Supplied data
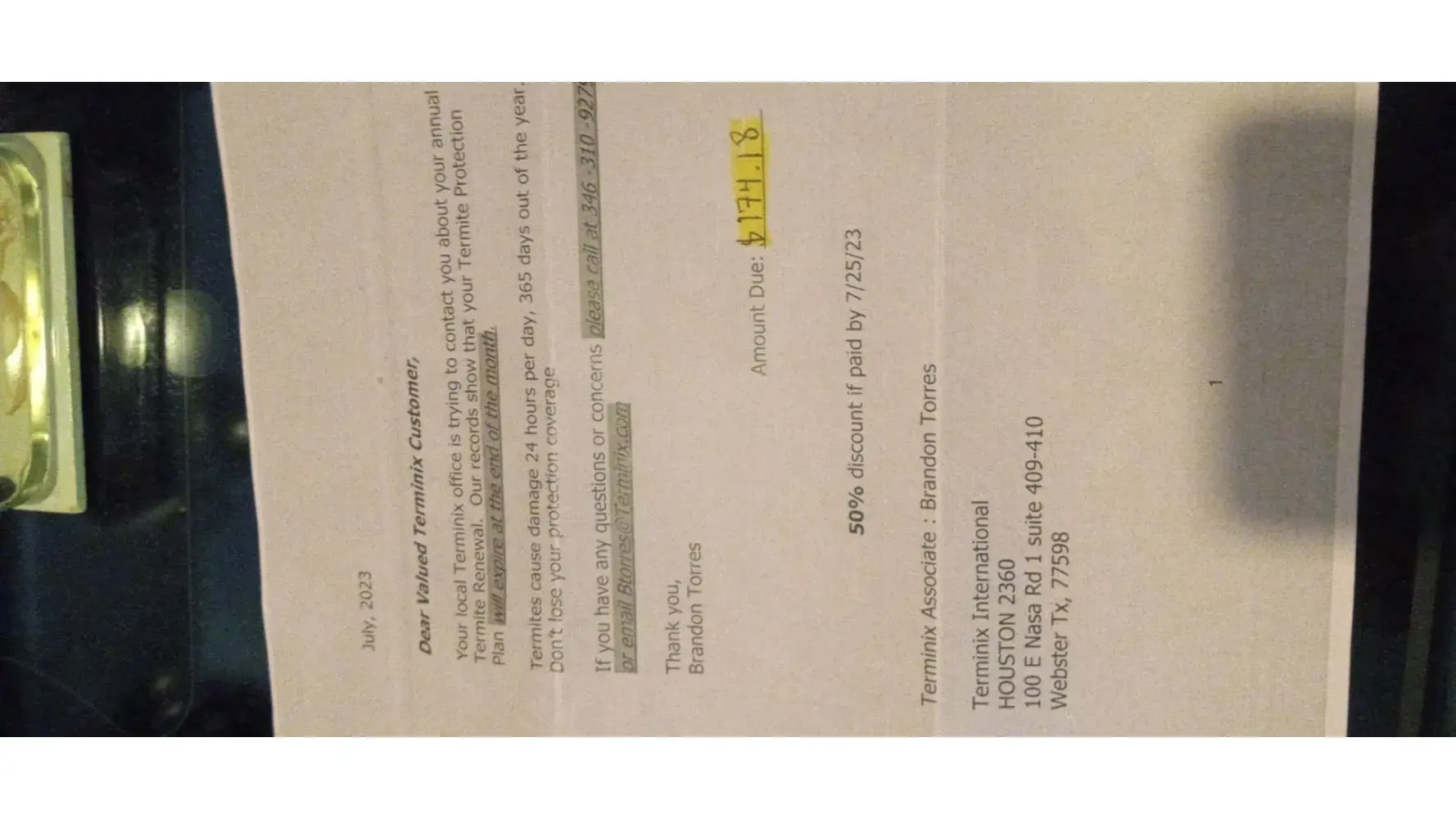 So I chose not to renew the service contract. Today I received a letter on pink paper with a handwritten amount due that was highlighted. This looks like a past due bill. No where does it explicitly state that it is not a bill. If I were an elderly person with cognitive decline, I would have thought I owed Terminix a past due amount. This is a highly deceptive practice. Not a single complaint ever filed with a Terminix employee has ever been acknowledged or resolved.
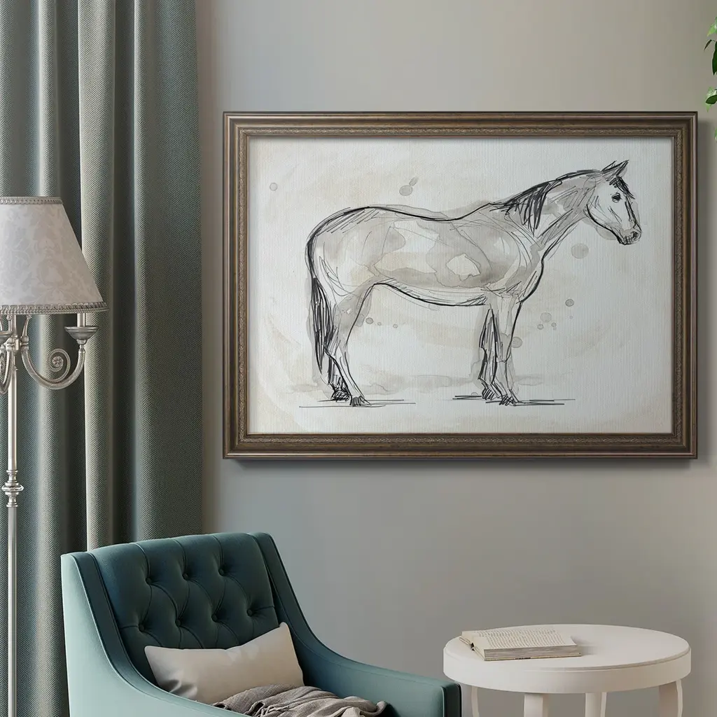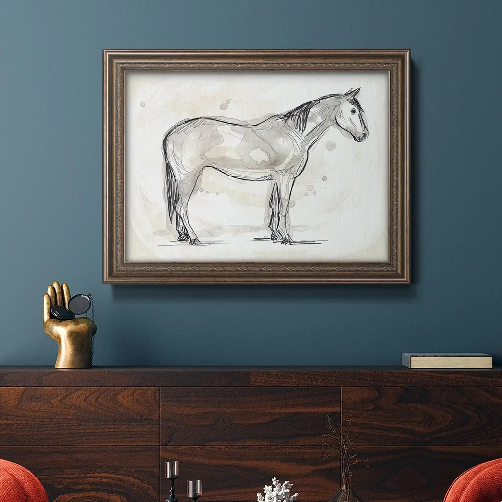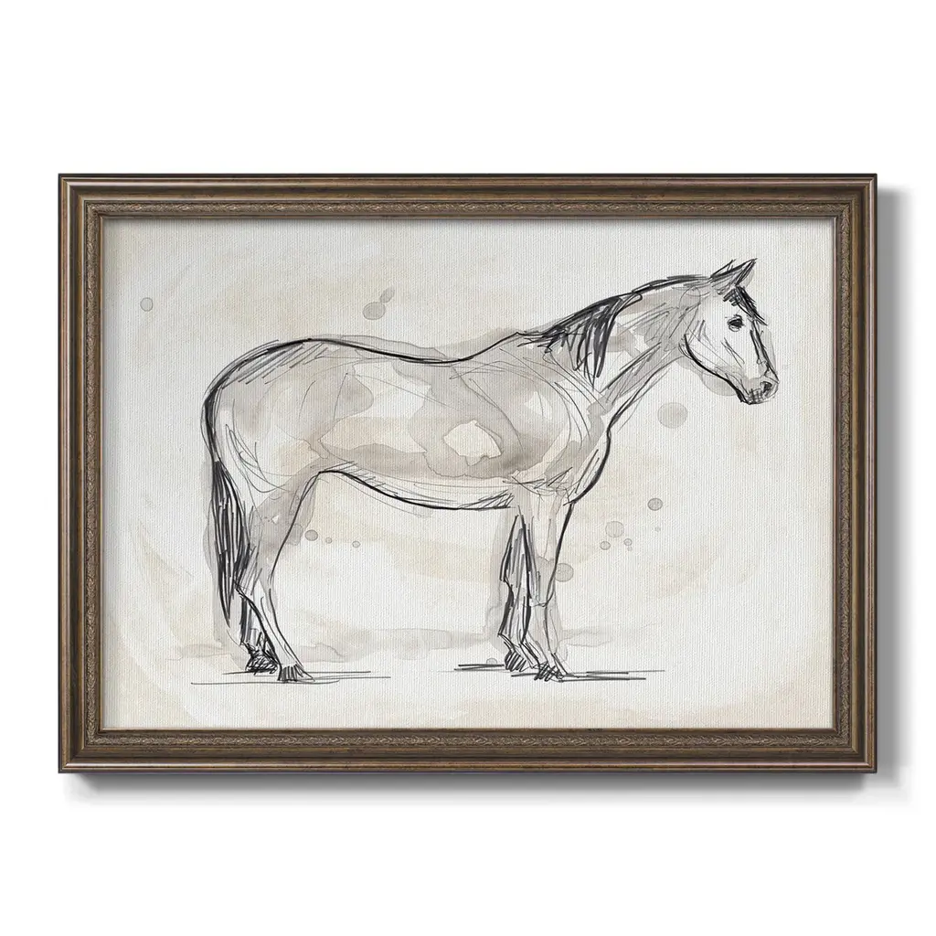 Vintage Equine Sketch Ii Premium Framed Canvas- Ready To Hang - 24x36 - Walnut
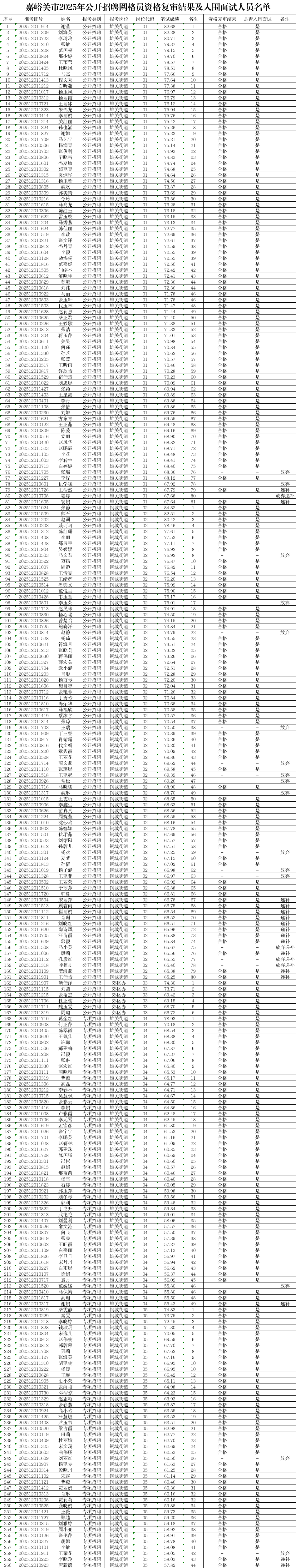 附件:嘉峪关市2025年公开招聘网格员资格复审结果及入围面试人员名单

What is needed
Give back the material exactly as written, images excluded.

Response box
 So I chose not to renew the service contract. Today I received a letter on pink paper with a handwritten amount due that was highlighted. This looks like a past due bill. No where does it explicitly state that it is not a bill. If I were an elderly person with cognitive decline, I would have thought I owed Terminix a past due amount. This is a highly deceptive practice. Not a single complaint ever filed with a Terminix employee has ever been acknowledged or resolved.
 Vintage Equine Sketch Ii Premium Framed Canvas- Ready To Hang - 24x36 - Walnut
 附件:嘉峪关市2025年公开招聘网格员资格复审结果及入围面试人员名单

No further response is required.